Qué difícil

Cuando se es niño y se está enfrentado a haceralgo que sobrepasa las destrezas , la exclamación de «¡esto es muy difícil !» resume toda la frustración ytoda la decisión de abandonar lo que se está haciendo.Generalmente esta situación siempre hace surgir un adulto voluntario que viene, con intención de rescatar al niño: «¡Venga y verá que no es difícil !». Con esto, se produce una escena que se repetirá incesantemente a lo largo de nuestra vida: la negación de la realidad.A quien dice que algo es difícil, la mejor forma de ayudarle es aceptar que para él o ella, lo real es la dificultad.

Si un adulto o alguien con autoridad, como un jefe, un entrenador, un profesor,niega a a una personala realidad de lo difícil, el mensaje que esta persona recibe es el de que señalar una dificultad es negativo. De aquí en adelante, la persona que encuentra la dificultad podría empezar a buscarle explicaciones a la dificultad. Desafortunadamente esas explicaciones podrían tomar caminos que la deterioran : soy muy «chapa», a otros no les cuesta tanto, mejor no vuelvo a intentarlo.

Aceptar que algo es difícil, o que es doloroso, o que demanda sacrificio es un buen punto de partida para la acción realista. No se le ayuda a un colaborador a quien le estamos pidiendo que venga a trabajar el domingo, si se le dice que podría disfrutar haciendo ese uso de su feriado. Es preferible de manera adulta aceptar y compartir que el domingo preferimos descansar pero que hay situaciones que hacen necesario trabajar durante ese día de descanso.

Decirle a alguien que no es tan desagradable ir al dentista, es poner en peligro la confianza que aquél nos tiene. Es preferible con realismo ayudarlo a ver las consecuencias de posponer el tratamiento. Lo difícil, lo desagradable, lo doloroso, tienen mala prensa, y es natural que lo tratemos de evitar. Pero también es necesario que lo sepamos asumir como adultos.

Una forma de justificar lo difícil, lo desagradable, es a través de los objetivos.
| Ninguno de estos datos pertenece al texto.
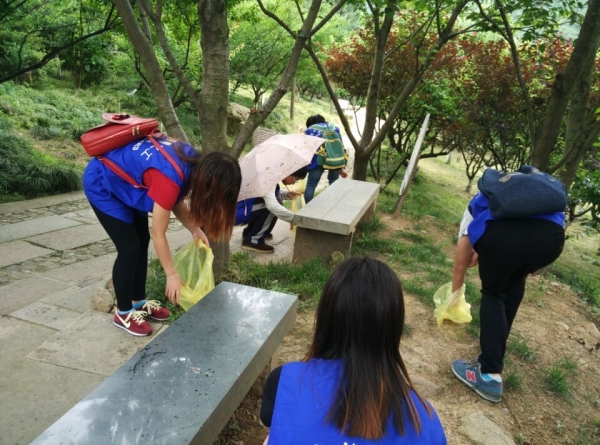 环保之行,始于足下。2015年5月23日下午12点30分,电信学院义工大队在负责人朱宏菲的带领下开展了主题为“美丽北仑,人人有责”的九峰山捡垃圾环保公益活动。本次活动的主要内容是捡景区路上的垃圾。

Si el objetivo vale la pena, el esfuerzo se hace más llevadero. De ahí la enorme importancia de que nuestros colaboradores sepan para qué se hace algo. Para qué hay que trabajar el domingo. Para qué hay que repetir lo que acabamos de terminar. Desgraciadamente, nuestra visión de corto plazo nos hace más presente el esfuerzo que el objetivo. Cuando vamos escalando, sentimos más las rodillas sobrecargadas que la sensación de logro de llegar a la cumbre. En la mente del estudiante está más presente el peso de las horas de estudio, que la expectativa de éxito al final del curso . Por eso aprender, cambiar, mejorar tropiezan con tantos obstáculos. Por eso abundan más los buenos propósitos que las realizaciones.

Nada que valga la pena se realiza sin sacrificio. Es bueno poder hacer las cosas con gusto, pero no todas se pueden hacer por gusto . En ese sentido el trabajo es fuente de disciplina y de formación del carácter. Todo lo cual suena a predicación para un adolescente que con negligencia va dejando que sus calificaciones en la escuela caigan a niveles peligrosos. Sólo que de pronto, el mensaje ya no viene de la abuela preocupada o del orientador del colegio sino que viene de Warren Bennis, experto en liderazgo, profesor distinguido de la Universidad de California del Sur: «Pienso que liderazgo es carácter. Carácter no es sólamente estilo superficial. Tiene que ver con quiénes somos como seres humanos y con lo que nos forma».

Si la disciplina del trabajo difícil nos forma, también nos hace un poco líderes. Basta entonces de «dorar la píldora». Mejor que intentar endulzar lo difícil es darle el valor que tiene para la propia formación.